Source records

[Start of Attachment]

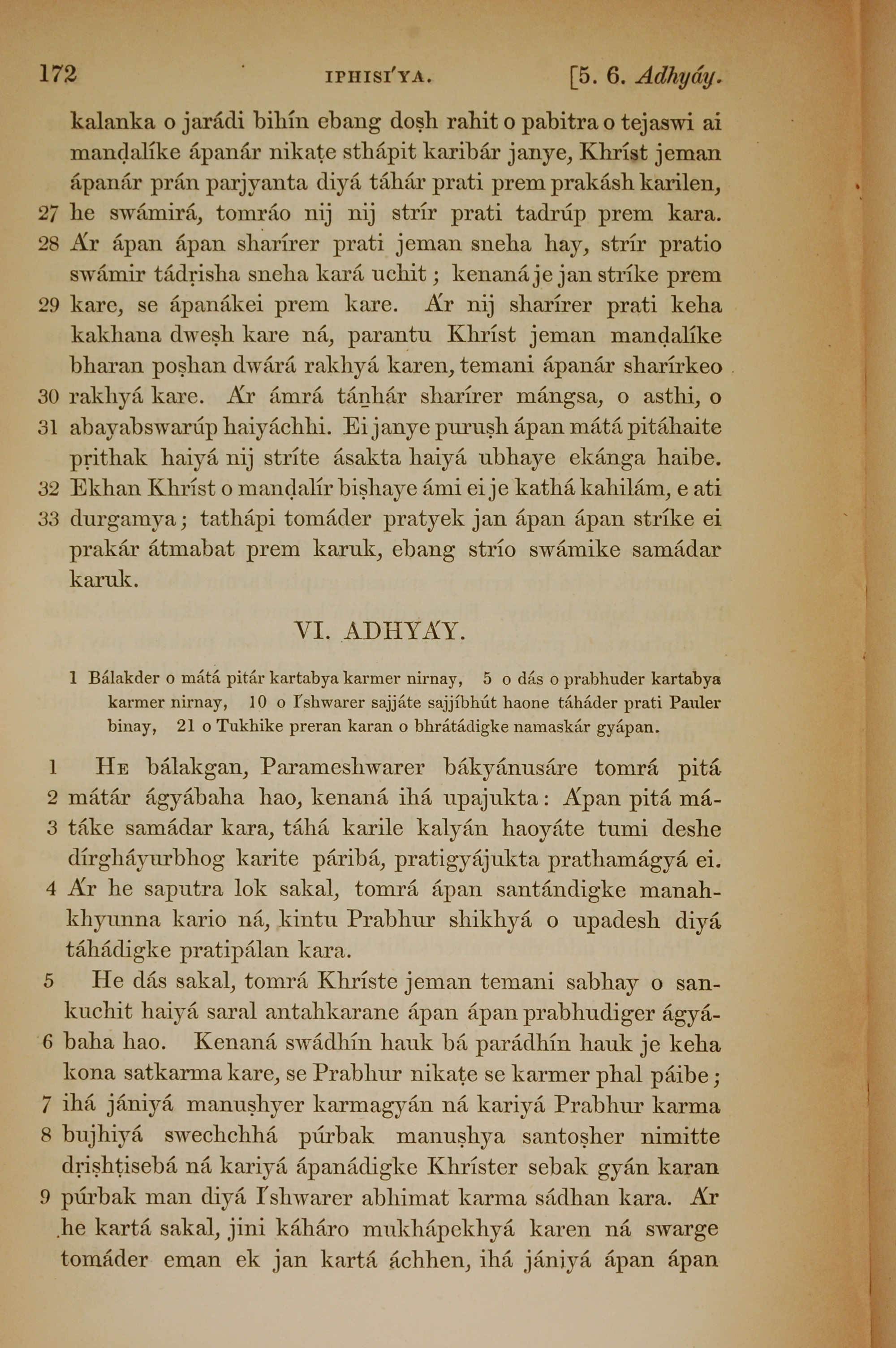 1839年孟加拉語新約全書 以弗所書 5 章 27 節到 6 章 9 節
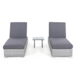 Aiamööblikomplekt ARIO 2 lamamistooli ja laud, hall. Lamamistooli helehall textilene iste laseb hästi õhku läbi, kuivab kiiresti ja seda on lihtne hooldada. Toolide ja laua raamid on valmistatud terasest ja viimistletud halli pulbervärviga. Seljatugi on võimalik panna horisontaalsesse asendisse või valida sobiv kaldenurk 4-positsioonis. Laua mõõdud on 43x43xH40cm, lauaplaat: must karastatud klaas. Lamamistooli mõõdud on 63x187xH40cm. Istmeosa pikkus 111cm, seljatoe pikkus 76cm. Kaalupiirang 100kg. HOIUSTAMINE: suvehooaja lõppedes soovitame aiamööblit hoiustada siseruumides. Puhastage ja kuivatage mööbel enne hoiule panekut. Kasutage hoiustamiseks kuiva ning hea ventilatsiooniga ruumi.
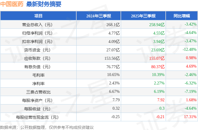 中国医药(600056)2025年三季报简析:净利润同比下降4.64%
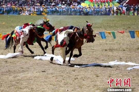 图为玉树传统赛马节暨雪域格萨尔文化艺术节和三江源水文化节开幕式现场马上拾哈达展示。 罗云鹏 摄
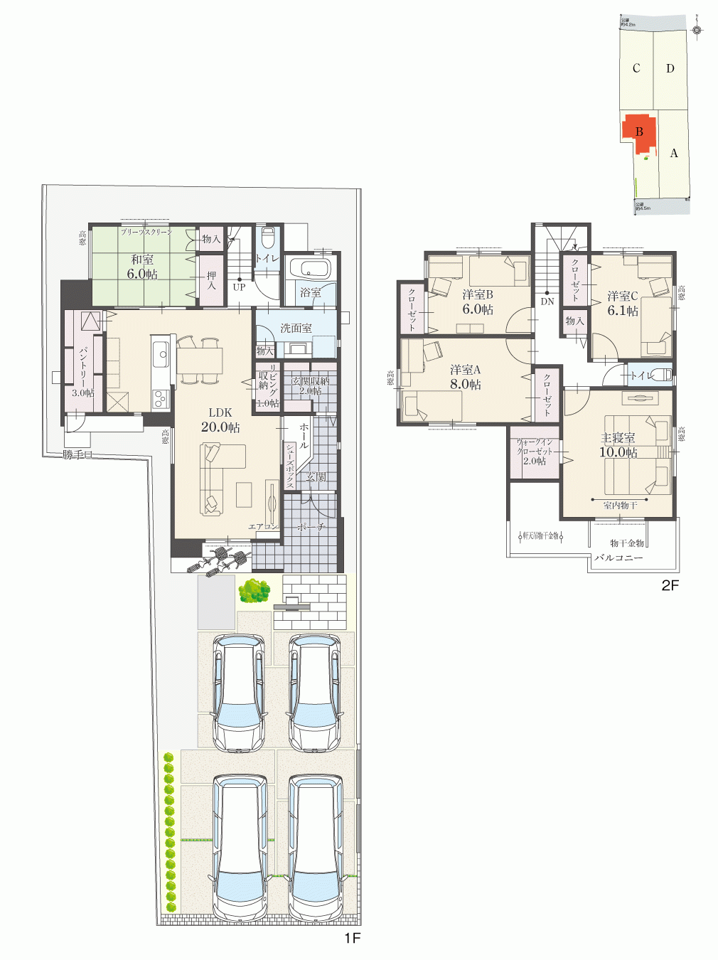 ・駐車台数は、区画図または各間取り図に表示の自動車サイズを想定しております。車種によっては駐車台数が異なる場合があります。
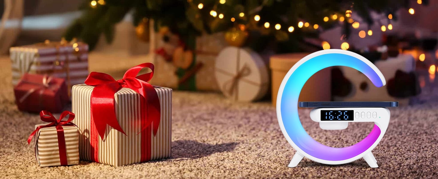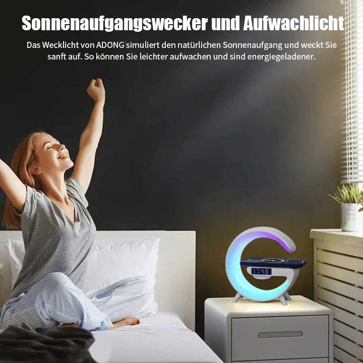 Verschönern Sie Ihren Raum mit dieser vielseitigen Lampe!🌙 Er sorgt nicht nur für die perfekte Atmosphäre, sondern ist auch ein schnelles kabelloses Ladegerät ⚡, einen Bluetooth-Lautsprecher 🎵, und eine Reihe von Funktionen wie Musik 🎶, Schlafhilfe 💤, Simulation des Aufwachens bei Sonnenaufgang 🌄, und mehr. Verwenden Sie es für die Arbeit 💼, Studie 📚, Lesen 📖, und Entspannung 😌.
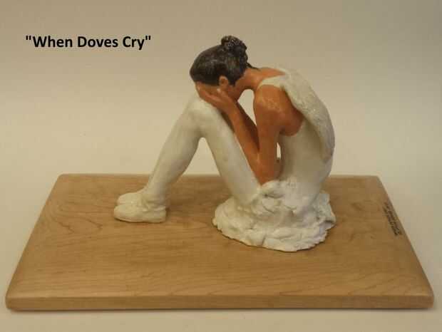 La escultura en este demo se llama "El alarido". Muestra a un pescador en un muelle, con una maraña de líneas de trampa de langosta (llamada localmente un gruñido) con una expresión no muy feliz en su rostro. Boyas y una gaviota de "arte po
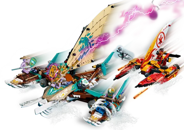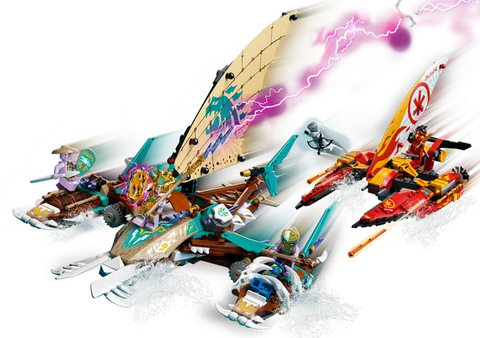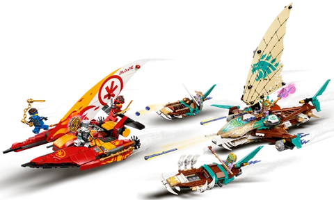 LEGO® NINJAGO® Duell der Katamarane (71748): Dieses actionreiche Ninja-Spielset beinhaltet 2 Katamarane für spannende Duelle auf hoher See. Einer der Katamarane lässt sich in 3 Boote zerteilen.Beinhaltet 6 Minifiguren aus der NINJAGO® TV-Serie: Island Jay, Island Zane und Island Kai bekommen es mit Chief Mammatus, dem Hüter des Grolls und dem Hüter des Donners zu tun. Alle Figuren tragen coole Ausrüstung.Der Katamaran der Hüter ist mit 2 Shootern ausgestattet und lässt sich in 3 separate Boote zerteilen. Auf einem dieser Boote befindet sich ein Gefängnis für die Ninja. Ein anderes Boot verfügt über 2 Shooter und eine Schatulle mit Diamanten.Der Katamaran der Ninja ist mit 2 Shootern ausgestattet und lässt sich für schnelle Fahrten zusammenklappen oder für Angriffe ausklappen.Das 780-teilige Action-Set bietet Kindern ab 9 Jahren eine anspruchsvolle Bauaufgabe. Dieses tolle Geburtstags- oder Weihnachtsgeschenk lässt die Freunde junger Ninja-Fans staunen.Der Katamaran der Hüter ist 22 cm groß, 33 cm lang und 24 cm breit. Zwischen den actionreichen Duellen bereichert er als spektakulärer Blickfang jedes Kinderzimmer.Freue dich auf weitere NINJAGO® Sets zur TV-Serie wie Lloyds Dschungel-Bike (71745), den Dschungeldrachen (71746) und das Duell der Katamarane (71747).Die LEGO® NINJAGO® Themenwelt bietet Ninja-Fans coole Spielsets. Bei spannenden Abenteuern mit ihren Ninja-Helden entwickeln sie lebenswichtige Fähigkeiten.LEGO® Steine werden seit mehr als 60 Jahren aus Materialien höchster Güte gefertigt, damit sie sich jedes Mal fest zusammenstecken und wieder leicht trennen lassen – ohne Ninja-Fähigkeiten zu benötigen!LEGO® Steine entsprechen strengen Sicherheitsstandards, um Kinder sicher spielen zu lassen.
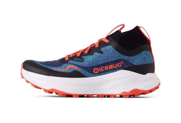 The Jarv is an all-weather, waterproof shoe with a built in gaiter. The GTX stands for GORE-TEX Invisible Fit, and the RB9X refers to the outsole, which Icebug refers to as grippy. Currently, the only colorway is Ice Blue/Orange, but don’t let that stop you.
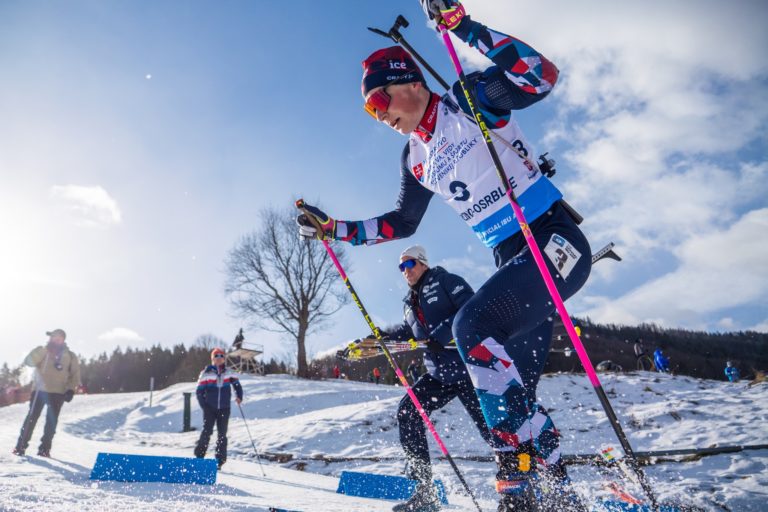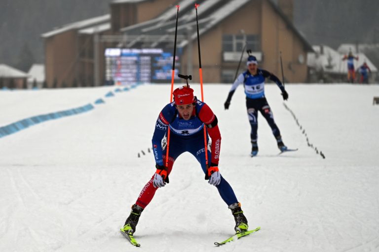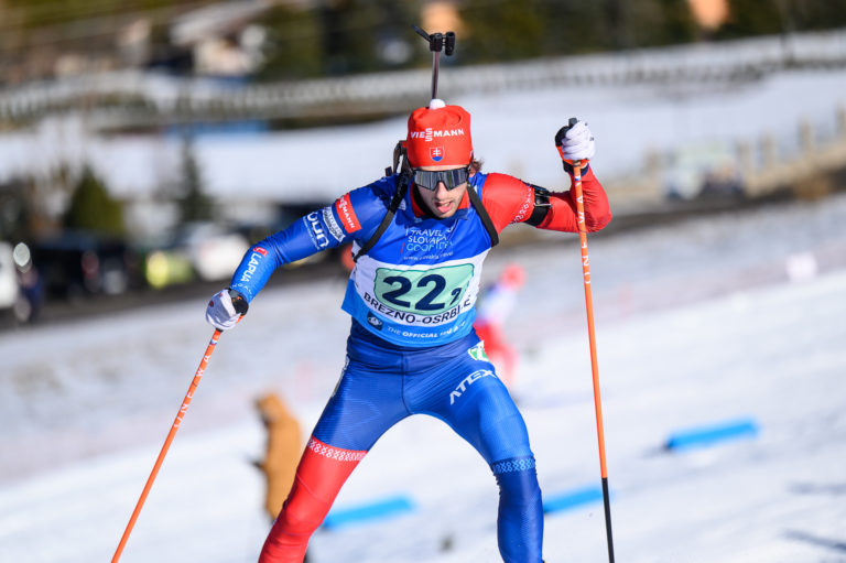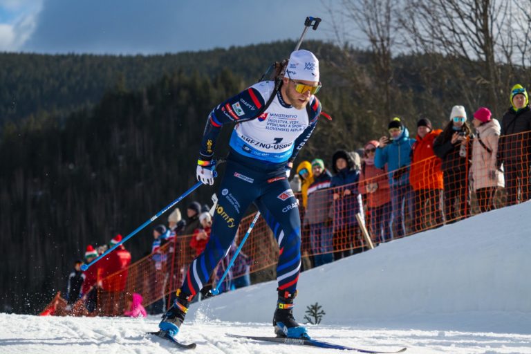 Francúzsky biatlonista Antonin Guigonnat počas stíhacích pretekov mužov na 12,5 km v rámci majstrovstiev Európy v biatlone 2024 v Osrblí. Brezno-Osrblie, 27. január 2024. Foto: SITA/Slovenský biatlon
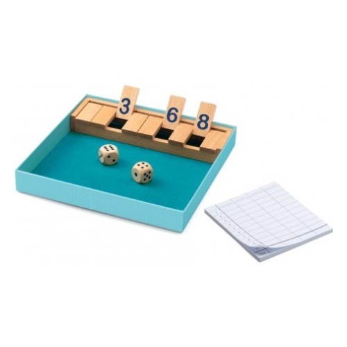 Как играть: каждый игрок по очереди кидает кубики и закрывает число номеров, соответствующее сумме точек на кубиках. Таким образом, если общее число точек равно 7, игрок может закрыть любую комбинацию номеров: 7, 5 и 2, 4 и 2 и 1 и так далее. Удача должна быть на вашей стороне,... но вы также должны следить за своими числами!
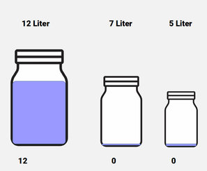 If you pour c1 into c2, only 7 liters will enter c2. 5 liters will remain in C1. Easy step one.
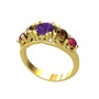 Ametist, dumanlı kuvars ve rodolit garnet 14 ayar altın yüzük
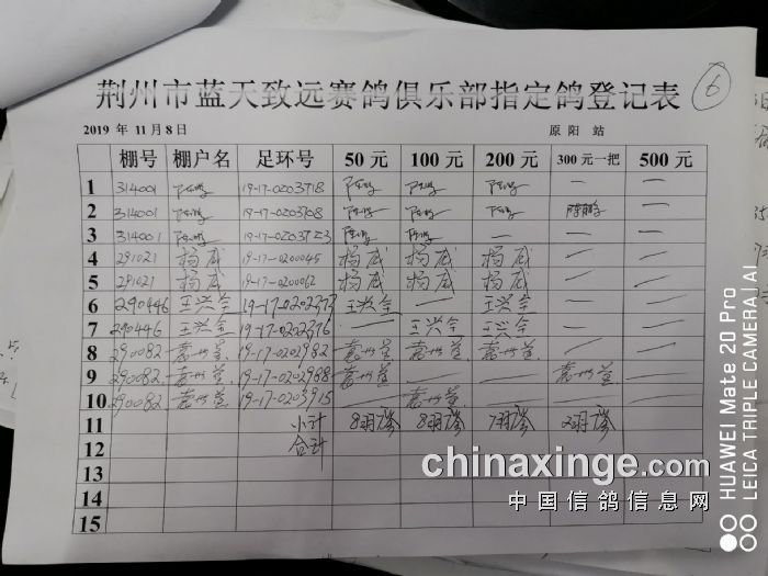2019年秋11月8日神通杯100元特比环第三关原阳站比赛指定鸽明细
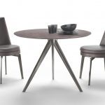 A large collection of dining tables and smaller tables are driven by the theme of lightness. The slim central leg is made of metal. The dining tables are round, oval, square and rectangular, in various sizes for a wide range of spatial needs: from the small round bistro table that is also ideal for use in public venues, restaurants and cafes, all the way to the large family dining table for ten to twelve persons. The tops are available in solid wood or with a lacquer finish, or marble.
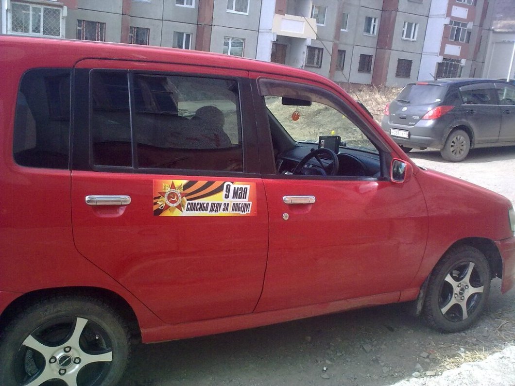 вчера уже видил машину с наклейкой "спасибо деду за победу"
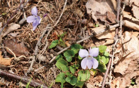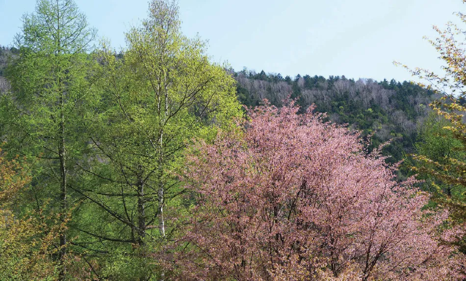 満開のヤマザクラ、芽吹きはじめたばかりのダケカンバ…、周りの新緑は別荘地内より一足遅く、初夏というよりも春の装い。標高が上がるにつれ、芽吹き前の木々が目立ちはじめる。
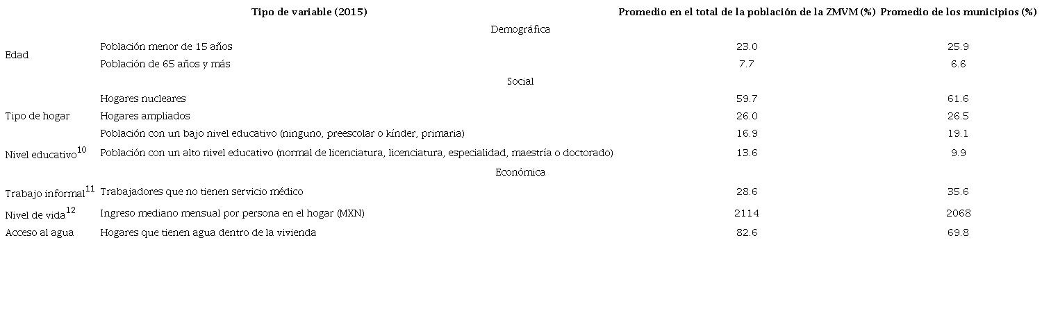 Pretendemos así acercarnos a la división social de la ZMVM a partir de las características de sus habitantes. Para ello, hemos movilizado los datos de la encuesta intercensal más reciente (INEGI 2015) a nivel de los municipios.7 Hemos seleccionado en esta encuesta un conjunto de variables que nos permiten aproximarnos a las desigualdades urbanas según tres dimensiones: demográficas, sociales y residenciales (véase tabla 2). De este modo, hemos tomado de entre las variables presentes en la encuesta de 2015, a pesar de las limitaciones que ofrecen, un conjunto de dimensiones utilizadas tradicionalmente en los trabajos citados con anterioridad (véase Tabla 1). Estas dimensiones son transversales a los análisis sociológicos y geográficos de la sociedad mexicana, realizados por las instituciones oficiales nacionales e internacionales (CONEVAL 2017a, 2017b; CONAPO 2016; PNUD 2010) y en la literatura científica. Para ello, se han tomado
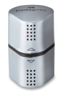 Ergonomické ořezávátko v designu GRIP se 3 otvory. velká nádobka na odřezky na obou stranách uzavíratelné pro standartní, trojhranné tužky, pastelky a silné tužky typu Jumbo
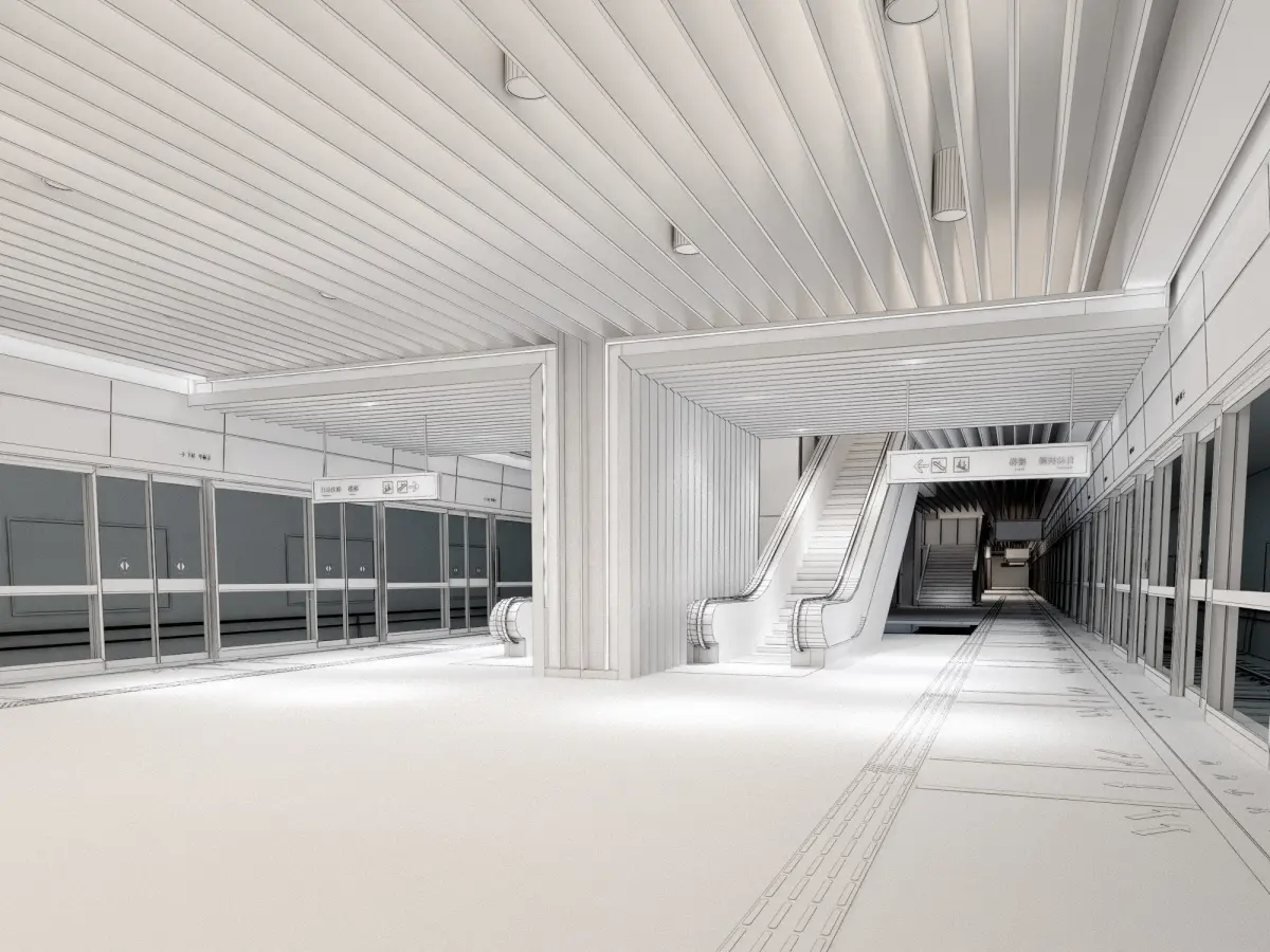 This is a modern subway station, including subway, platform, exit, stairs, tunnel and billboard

[End of Attachment]

▶ _REQUIREMENT_
With the pictures removed, print only the lines starting at the line that has "图为玉树传统赛马节暨雪域格萨尔文化艺术节和三江源水文化节开幕式现场马上拾哈达展示。 罗云鹏 摄" and ending at the line that has "Verschönern Sie Ihren", both ends included, exactly as they stand above.

▶ _ANSWER BELOW_
 图为玉树传统赛马节暨雪域格萨尔文化艺术节和三江源水文化节开幕式现场马上拾哈达展示。 罗云鹏 摄
 ・駐車台数は、区画図または各間取り図に表示の自動車サイズを想定しております。車種によっては駐車台数が異なる場合があります。
 Verschönern Sie Ihren Raum mit dieser vielseitigen Lampe!🌙 Er sorgt nicht nur für die perfekte Atmosphäre, sondern ist auch ein schnelles kabelloses Ladegerät ⚡, einen Bluetooth-Lautsprecher 🎵, und eine Reihe von Funktionen wie Musik 🎶, Schlafhilfe 💤, Simulation des Aufwachens bei Sonnenaufgang 🌄, und mehr. Verwenden Sie es für die Arbeit 💼, Studie 📚, Lesen 📖, und Entspannung 😌.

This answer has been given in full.